Shiro immediately pulls away, eyes widened in apology. “Sorry—I should’ve asked first. I forget that you don’t like to be touched during these sorts of things.” He backs up a few steps, giving me some space. My stomach drops a little. I feel kind of nauseous but not enough to throw up. I feel shitty for making him apologize. He didn't do anything wrong. I just feel wrong. Everything feels wrong.

“No, no. Sorry, I don’t know why I said that. It—it’s fine, really.” I fold my arms and pinch the bridge of my nose between my eyes as if a migraine were setting in. “I just—I think I need to be alone right now.”

I feel like I need to contort my body and break every bone. It’s like the emptiness got to empty and now something worse has filled it up. I need to move. I need to get this feeling--this thing--out. My head is a torrent. Everything is spiraling. I feel dizzy. Get it out. Get it out. Get it out.
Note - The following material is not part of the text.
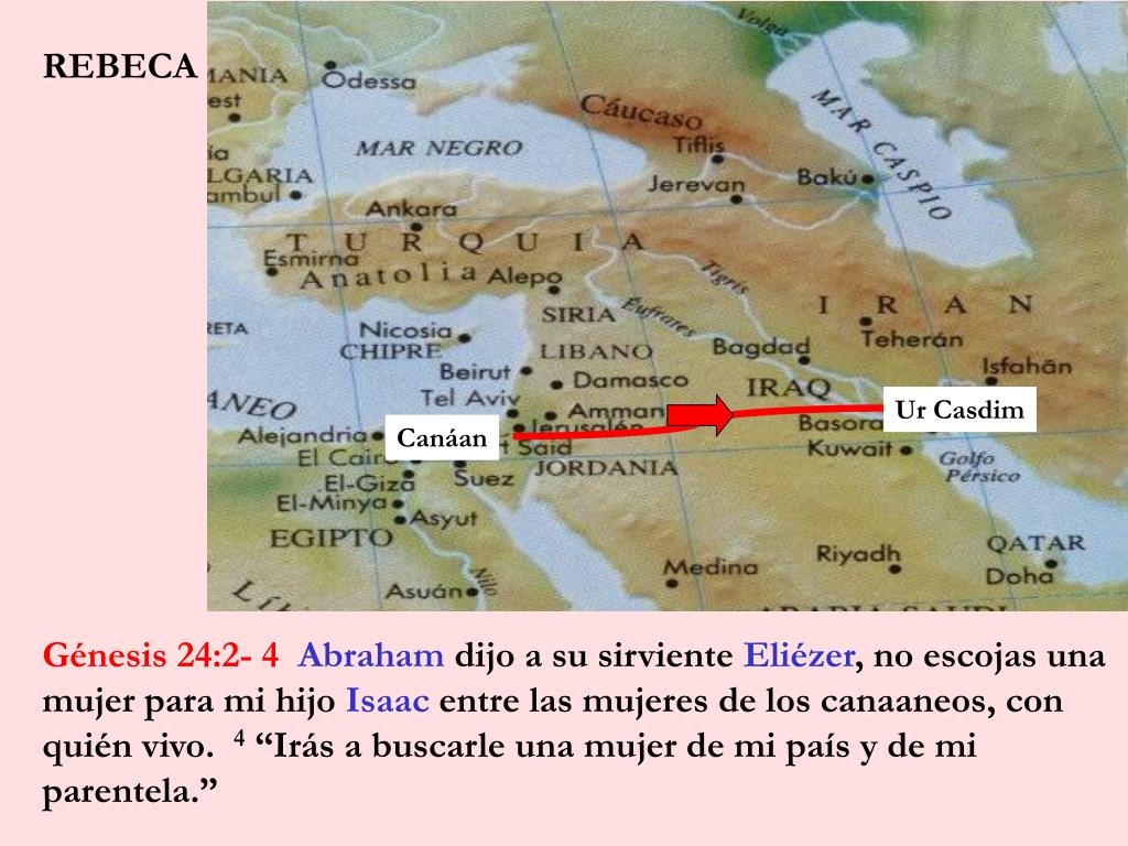 Ur Casdim Canáan REBECA Génesis 24:2- 4Abraham dijo a su sirviente Eliézer, no escojas una mujer para mi hijo Isaac entre las mujeres de los canaaneos, con quién vivo. 4 “Irás a buscarle una mujer de mi país y de mi parentela.”

Why do I even feel like this? This is stupid. Stop crying. Fuck, stop crying. You’re pathetic. This isn’t something to cry over. He’s not dead. Fuck, he’s not dead. If he was dead they would’ve sent a notice. Fuck, I wish I was dead. No I don’t what the fuck. Lance shut up. Stop shaking god damn it.
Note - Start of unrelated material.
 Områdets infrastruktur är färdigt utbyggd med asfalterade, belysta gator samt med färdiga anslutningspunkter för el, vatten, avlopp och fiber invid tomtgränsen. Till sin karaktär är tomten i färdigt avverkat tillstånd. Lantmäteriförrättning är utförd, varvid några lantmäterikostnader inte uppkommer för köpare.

“Yeah, of course.” He nods. “Maybe sleep soon though, okay?”

“Yeah, I will.”

“And let me know if you need anything.”

“Okay, thanks Shiro.”

He nods at me as if to say goodnight, and then heads back towards his room. I want to beg him to stay with me. I don’t. I am left standing in the hall, alone in the dark, space laid out in all its emptiness before me. I gaze out of the large window, my stomach full of a bitter, sickly feeling. My head hurts. Everything is blurry. I can’t focus my eyes. Another red. Another blue. The fragile buzz of fluorescent lights out in the halls, the heavy rumble of the ship, the feeling of being enclosed in something hurtling through space. It feels worse than hollow.